Più investimenti a sostegno delle imprese, azzeramento della burocrazia e riforma della giustizia: così si crea un nuovo mondo post Covid

Non so se open-up sia l’espressione giusta, ma il senso è questo: domani finisce il lockdown e l’Italia si apre. Si apre alla vita (quasi) normale, si apre agli affetti trascurati. Ma soprattutto si apre alla possibilità di creare un nuovo mondo post Covid. Ecco la sfida vera per il governo: aprire le porte del Palazzo alle idee giuste per uscire dalla crisi e cominciare a costruire l’Italia del futuro.

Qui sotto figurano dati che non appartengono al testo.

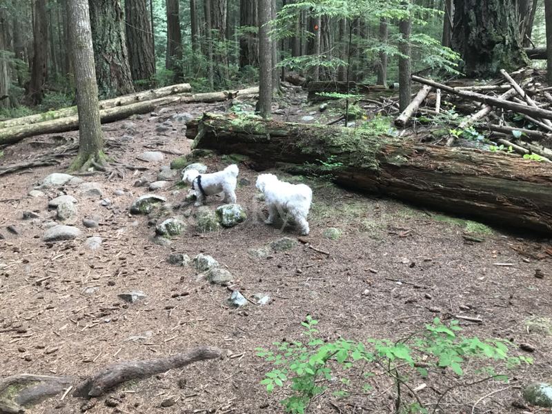 兴趣所至,Patricia向我们介绍了我们这里的三种主要的树种(Douglas fur, Cedar , Hemlock)。其实我们现在在山里见到的绝大多数树,都是经砍伐后再生的。在途中,有两棵斧底余生的道格拉斯树,已辟为一景点,可惜我们在兴高采烈中错过了。树是顽强的,就象仲抒说,为了上面的树笔直挺拔,下面的根不惜千弯万曲。看到了这莽莽苍苍的树林,我们不禁为这自成体系的森林生态的蓬勃的再生能力惊叹。

Servono rapidità, coraggio e concretezza. Sono parole poco presenti nel lessico romano, lo so, e allora – ambrosianamente – comincio io con 3 suggerimenti. Primo: ascoltare le parole del nuovo presidente di Confindustria Carlo Bonomi. In lui c’è la passione di un imprenditore vero, non un calcolo politico. Bisogna puntare sulla crescita, dice, con meno spesa corrente e più investimenti a sostegno delle imprese. E poi attenzione alle mutate disuguaglianze: non solo nord-sud, ma anche centri urbani e periferie. Secondo: azzerare la burocrazia, trasformando la P.a. da peso aggiunto a potenziale aiuto. Come fare è spiegato nell’ottimo studio realizzato da Ambrosetti e presentato nel Forum di Cernobbio lo scorso settembre. Terzo: fare quella riforma della giustizia sin qui bloccata dai faccendieri togati di turno: separazione delle carriere e responsabilità civile dei magistrati, per togliere la pistola fumante dalle mani della magistratura politicizzata. Diceva Jung: in ogni caos c’è un cosmo, in ogni disordine un ordine segreto. Coraggio governanti, è il momento di osare. Stay tuned.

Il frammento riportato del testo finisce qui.